▶

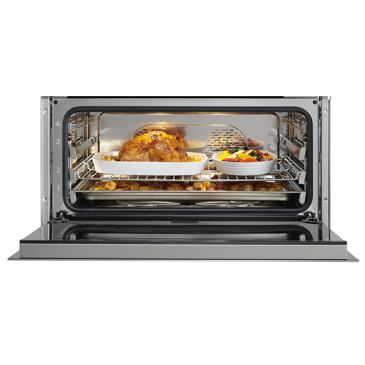 • Model šíře 76 cm nabízí velký prostor trouby o objemu 68 litrů a o 30 % více místa, což umožňuje umístit vedle sebe více jídel najednou. Duální konvekční systém s výkonem 1889 W pro rovnoměrné pečení na více úrovních a konzistentní výsledky.
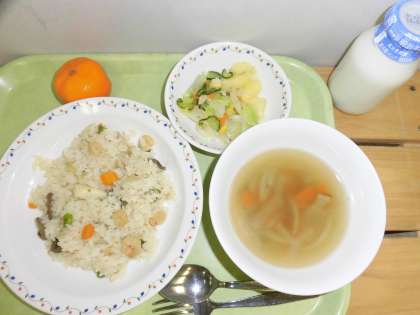 「ピラフ」は、スペインの「パエリア」、イタリアの「リゾット」とともに世界3大米料理と言われています。今日は給食風にアレンジし、お米を牛乳で炊きました。成長期にはカルシウムをたくさん摂ってほしいと思います。
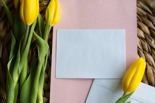 Soft pink stationery accented by two roses on warm wooden tabletop
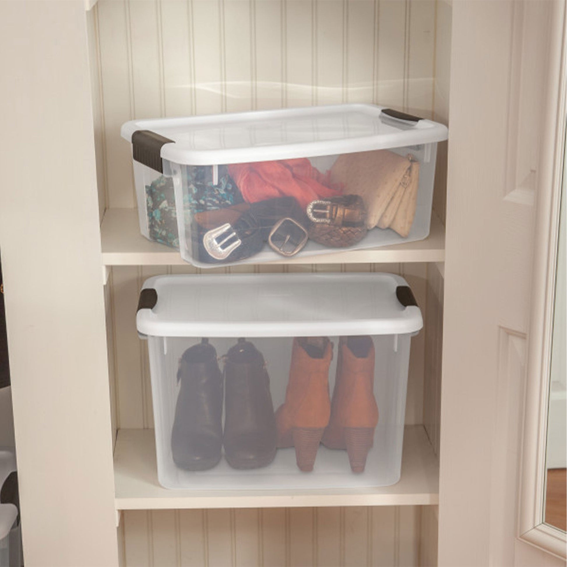 With robust latches that attach the lid securely to the base, you can ensure the contents remain safe while stored. The see-through base allows you to confidently store items of varying sizes, from clothing and bedding to seasonal decorations and household essentials, knowing they'll remain dust-free and organized. The straightforward design of the totes allows for quick and easy identification of their contents, eliminating the need for guessing or rummaging through boxes. The totes are designed to stack on each other, making excellent use of verticle storage space without the hassle of wondering what items are in which tote.
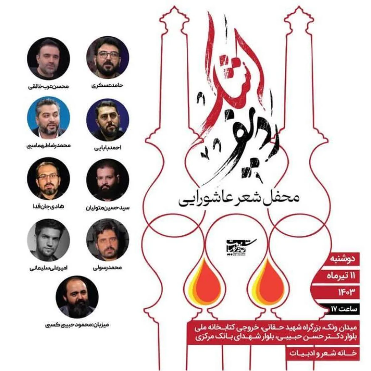 محفل شعر عاشورایی«ردیف اشک» به میزبانی محمود حبیبی کسبی، شاعر 11 تیرماه 1403 از ساعت 17 در «خانه شعر و ادبیات» برگزار میشود.
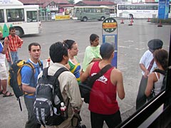 ここから富士登山を開始する「河口湖口五合目」へ向かう路線バスに乗り換える訳だが、乗り換えの時間が10分しかなく、その間に切符を買わねばならない。バスは一時間に一本しかでていないので、ここは一つスムーズな団体行動をせねばならぬのだが、そんな気持ちを萎えさせるのが、先にバスを待っている国際色豊かな富士登山隊。すでに到着している富士山行きのバスに乗り込もうと待ち構えている人達は、ぱっと見た感じで日本人より外国人の方が多く、冗談抜きでリュックサックを背負ったサリーとか、登山靴を履いたターバンとか、無秩序に20カ国くらいが揃っていやがる。さすが世に名高いフジヤマ、ゲイシャ。まあここで日本人の我々が焦ってもしょうがないということで、1時間後のバスでゆっくりいくことにしましょうか。
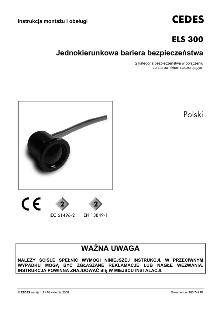 CEDES Instrukcja montażu i obsługi ELS 300 Jednokierunkowa bariera bezpieczeństwa 2 kategoria bezpieczeństwa w połączeniu ze sterownikiem nadzorującym English Polski IEC 61496-2 EN 13849-1 WAŻNA UWAGA NALEŻY ŚCIŚLE SPEŁNIĆ WYMOGI NINIEJSZEJ INSTRUKCJI. W PRZECIWNYM WYPADKU MOGĄ BYĆ ZGŁASZANE REKLAMACJE LUB NAGŁE WEZWANIA. INSTRUKCJA POWINNA ZNAJDOWAĆ SIĘ W MIEJSCU INSTALACJI. © CEDES wersja 1.1 / 10 kwietnia 2008 Dokument nr 105 742 Pl ELS 300 Instrukcja montażu i obsługi WAŻNA INFORMACJA ELS 300 MOŻE BYĆ INSTALOWANA TYLKO PRZEZ OSOBY UPOWAŻNIONE I W PEŁNI PRZESZKOLONE! ELS 300 MOŻE PEŁNIĆ FUNKCJĘ URZĄDZENIA BEZPIECZEŃSTWA TYLKO WTEDY, GDY ZOSTANĄ ŚCIŚLE SPEŁNIONE WSZYSTKIE ZALECENIA OKREŚLONE W NINIEJSZEJ INSTRUKCJI I WYMIENIONYCH W NIEJ DOKUMENTACH. DODATKOWO, INSTALATOR POWINIEN SPEŁNIĆ WSZYSTKIE KRAJOWE WYMOGI OKREŚLONE W PRZEPISACH PRAWA I NORMACH. JEŚLI KTÓREKOLWIEK Z TYCH ZALECEŃ NIE ZOSTANIE ŚCIŚLE SPEŁNIONE, MOŻE TO BYĆ PRZYCZYNĄ POWAŻNEGO KALECTWA LUB ŚMIERCI. INSTALATOR LUB INTEGRATOR SYSTEMU JEST CAŁKOWICIE ODPOWIEDZIALNY ZA BEZPIECZNĄ INTEGRACJĘ TEGO CZUJNIKA. PROJEKTANT I/LUB INSTALATOR I/LUB KUPUJĄCY JEST WYŁĄCZNIE ODPOWIEDZIALNY ZA ZAGWARANTOWANIE ABY TEN PRODUKT ZOSTAŁ ZASTOSOWANY ZGODNIE ZE WSZYSTKIMI ODPOWIEDNIMI PRZEPISAMI I NORMAMI W CELU ZAPEWNIENIA BEZPIECZNEGO DZIAŁANIA CAŁEJ APLIKACJI. SZCZEGÓLNĄ TROSKĄ NALEŻY OTOCZYĆ MIEJSCA W KTÓRYCH DZIECI I/LUB OSOBY STARSZE LUB NIEPEŁNOSPRAWNE MUSZĄ BYĆ CHRONIONE PRZED NIEBEZPIECZNYMI DRZWIAMI LUB BRAMAMI. KAŻDA MODYFIKACJA URZĄDZENIA WYKONANA PRZEZ KUPUJĄCEGO, INSTALATORA LUB UŻYTKOWNIKA MOŻE SPOWODOWAĆ NIEBEZPIECZNE WARUNKI PRACY. FIRMA CEDES NIE PONOSI ŻADNEJ ODPOWIEDZIALNOŚCI GWARANCYJNEJ W PRZYPADKU TAKICH DZIAŁAŃ. PRAWNEJ LUB NIE WOLNO STOSOWAĆ TEGO PRODUKTU W OTOCZENIU WYBUCHOWYM, W ŚRODOWISKU RADIOAKTYWNYM LUB W APLIKACJACH MEDYCZNYCH! DO TAKICH APLIKACJI NALEŻY STOSOWAĆ TYLKO PRZEZNACZONE DO TEGO ATESTOWANE URZĄDZENIA BEZPIECZESTWA, W PRZECIWNYM WYPADKU MOŻE BYĆ TO PRZYCZYNĄ ŚMIERCI LUB KALECTWA ALBO STRAT MATERIALNYCH! Ex 2 www.cedes.com © CEDES / kwiecień 2008 ELS 300 Instrukcja montażu i obsługi Spis treści 1. 1. Wprowadzenie ................................................3 2. Właściwości ELS 300 .....................................3 3. Zastosowania ..................................................3 4. Wymiary...........................................................4 5. Instalacja .........................................................4 5.1. Schemat podłączeń ......................................5 5.2. Testowanie w aplikacjach 2 kategorii ...........5 5.3. Instalacja 2 lub więcej barier podczerwieni ..6 5.4. Przebiegi czasowe........................................6 6. Zastosowanie zwrotnic Y-Switch..................7 6.1. Prąd wyjścia sygnałowego ...........................7 6.2. Charakterystyki wyjść przy użyciu Y-switch .7 7. Akcesoria.........................................................8 8. Usuwanie usterek ...........................................9 9. Dane techniczne .............................................9 10. Dane katalogowe ..........................................10 11. Certyfikaty .....................................................11 11.1. Deklaracja zgodności CE ...........................11 Wprowadzenie ELS 300 jest jednokierunkową barierą podczerwieni bezpieczeństwa i jest atestowana jako aktywne optoelektroniczne urządzenie ochronne (AOPD) typu 2 wg IEC 61496-2: 2006. Składa się z nadajnika (Tx) i odbiornika (Rx), który zawiera wbudowany sterownik z wyjściem PNP lub NPN aktywowanym wiązką świetlną lub jej brakiem. Mechanizm „zatrzaskowy” umożliwia szybkie mocowanie w otworze montażowym o średnicy nawet 12,5 mm. Zielony LED na tyle Tx sygnalizuje obecność zasilania. Zielony LED na tyle Rx sygnalizuje status wyjścia. Urządzenie jest szczelne i całkowicie zabezpieczone przed wilgocią i kurzem zgodnie ze stopniem ochrony IP65. Niezawodne działanie nie jest zakłócone nawet bezpośrednim wpływem promieni słonecznych o wartości do 100,000 luksów. 2. Właściwości ELS 300 • • • • • • • • • • • • • 3. Czujnik typu 2 odpowiedni do aplikacji w 2 kategorii Łatwy montaż Kompaktowa konstrukcja Wysoka wydajność Niezwykle opłacalna Nie wymaga sterownika Prosta instalacja i montaż Do aplikacji wewnętrznych i zewnętrznych Niewrażliwa na światło otoczenia Doskonała pewność działania nawet w trudnych warunkach Natychmiastowe działanie Wyjście PNP lub NPN, dostępność aktywacji na wiązkę świetlną lub jej brak Możliwość łączenia wielu czujników w sieć Zastosowania Rodzina barier jednokierunkowych ELS 300 obejmuje różne typy czujników do automatycznych drzwi przesuwnych, drzwi windowych, ruchomych schodów, ruchomych chodników, bram wjazdowych i podobnych aplikacji. Prosimy o zapoznanie się z odpowiednimi normami krajowymi dot. danej aplikacji. ELS 300 może być także zastosowana jako bariera podczerwieni bezpieczeństwa w automatyce przemysłowej. W takich aplikacjach kombinacja ELS 300 z nadzorującą jednostką sterującą (np. programowalny sterownik logiczny, PLC) może osiągnąć 2 kategorię bezpieczeństwa wg EN 954-1 lub może osiągnąć poziom zapewnienia bezpieczeństwa C wg EN 13849-1:2006. © CEDES / kwiecień 2008 www.cedes.com 3 ELS 300 4. Instrukcja montażu i obsługi 5. Wymiary • Są dostępne różne typy czujników ELS 300, które są zaprojektowane dla różnych aplikacji. Wersja Tx dla aplikacji wymagających dalekiego zasięgu (typ L) posiada dłuższą obudowę niż inne typy. Wymiary obudowy Rx są takie same dla wszystkich dla wszystkich typów ELS 300. Więcej informacji nt. różnych typów i konfiguracji znajduje się na str. 10 Dane katalogowe. Skrót Opis NA Wąski kąt optyczny S Krótki zasięg N Standardowy zasięg L Daleki zasięg Instalacja • • Przed rozpo

◀

**PROBLEM DETAILS:** From the records above, extract the lines from the one holding "With robust latches" through the one holding "به میزبانی محمود", word for word; omit the pictures.

**RESPONSE TO THE EXERCISE:**
 With robust latches that attach the lid securely to the base, you can ensure the contents remain safe while stored. The see-through base allows you to confidently store items of varying sizes, from clothing and bedding to seasonal decorations and household essentials, knowing they'll remain dust-free and organized. The straightforward design of the totes allows for quick and easy identification of their contents, eliminating the need for guessing or rummaging through boxes. The totes are designed to stack on each other, making excellent use of verticle storage space without the hassle of wondering what items are in which tote.
 محفل شعر عاشورایی«ردیف اشک» به میزبانی محمود حبیبی کسبی، شاعر 11 تیرماه 1403 از ساعت 17 در «خانه شعر و ادبیات» برگزار میشود.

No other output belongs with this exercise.